Die Gegend zwischen Wöhrder See und Bahndamm hat, freundlich gesagt, durch die Eingriffe der letzten 70 Jahre nicht sonderlich gewonnen: Tullnau-Wirtschaft weg, Herrensitz weg, Zeltner-Brauerei weg, Milchhof weg … Viel Altes ist nicht geblieben, und recht viel schönes Neues nicht hinzugekommen, sieht man einmal von den restaurierten Bauten der Milchhof-Verwaltung, dem Kraftwerk und dem Norikus ab. Und natürlich dem wunderbaren Tullnaupark mit seiner Terrassenanlage!
Mit seinen verschiedenen Ebenen und Pergolen mit auskragenden, profilierten Balken mutet die Anlage aus armiertem Beton und Kunststein, der durch Zugabe von hellem Kalksteinmehl veredelt ist, ein wenig exotisch an. Fast erinnert sie an die Tore und Wandelgänge japanischer Shinto-Schreine und buddhistischer Tempel. Passenderweise prangt an den Gebälken auch noch die heraldische Chrysantheme. Sind die Tullnau-Terrassen also eine Japonesque? Nein. Denn wer genau hinschaut, erkennt sogleich die Balustraden, ionischen und kompositen Säulen, die viel eher an barocke Vorbilder erinnern, wenngleich auch im Sinne der 1920er Jahre spielerisch verändert.

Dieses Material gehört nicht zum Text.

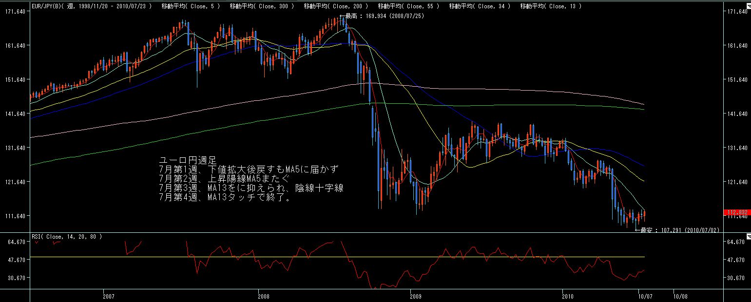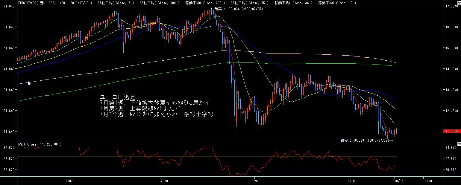 ドル円週足、先週の予測の通りで、一旦反発してますがMA5は越えられず。

Bitte, 1920er Jahre? Ja! Die bestehenden Terrassen sind eine noch recht junge Schöpfung, die ausgerechnet in wirtschaftlich schweren Zeiten, nämlich 1921-26 entstanden ist. Ihr Stifter und Planer war kein Geringerer als Johann Georg Zeltner junior, Inhaber der Großbrauerei gegenüber. Schon sein Onkel, der berühmte Ultramarin-Mogul Johannes Zeltner, hatte den sandigen Boden hier 1851 in eine gärtnerisch gestaltete Terrassenanlage umwandeln lassen. In der Folge entwickelte sich im „Park Tullnau“ ein beliebter Freizeitpark mit Gastwirtschaft und Weiher, auf dem die Gäste Bötchen fuhren oder sich im Angeln von Karpfen und Flussbarschen maßen.
Wie so oft in seiner Nachkriegsgeschichte hat Nürnberg es hinbekommen, auch dieses Kleinod für Straßenbau und Sparzwang zu verdaddeln. Den historisch hoch bedeutsamen und vom Krieg unberührten Herrensitz im Kressengarten im Südwesten des Parks hat man nur ein Jahr nach Übernahme des Parks durch die Stadt 1954 abgerissen, während man gleichzeitig in der Altstadt Unsummen ausgab, um teils völlig vernichtete Bauten wiederaufzurichten. Da grenzt es an ein Wunder, dass die Terrassen nicht auch dem Rotstift der kulturfernen Oberpragmatiker anheimfielen. Letztere blieben eine beliebte Venue, besonders für Verliebte und frisch Vermählte. Auch Ursula und Otto Sokoll wählten die schöne Szenerie Ende August 1978 für ihre Hochzeitsfotos.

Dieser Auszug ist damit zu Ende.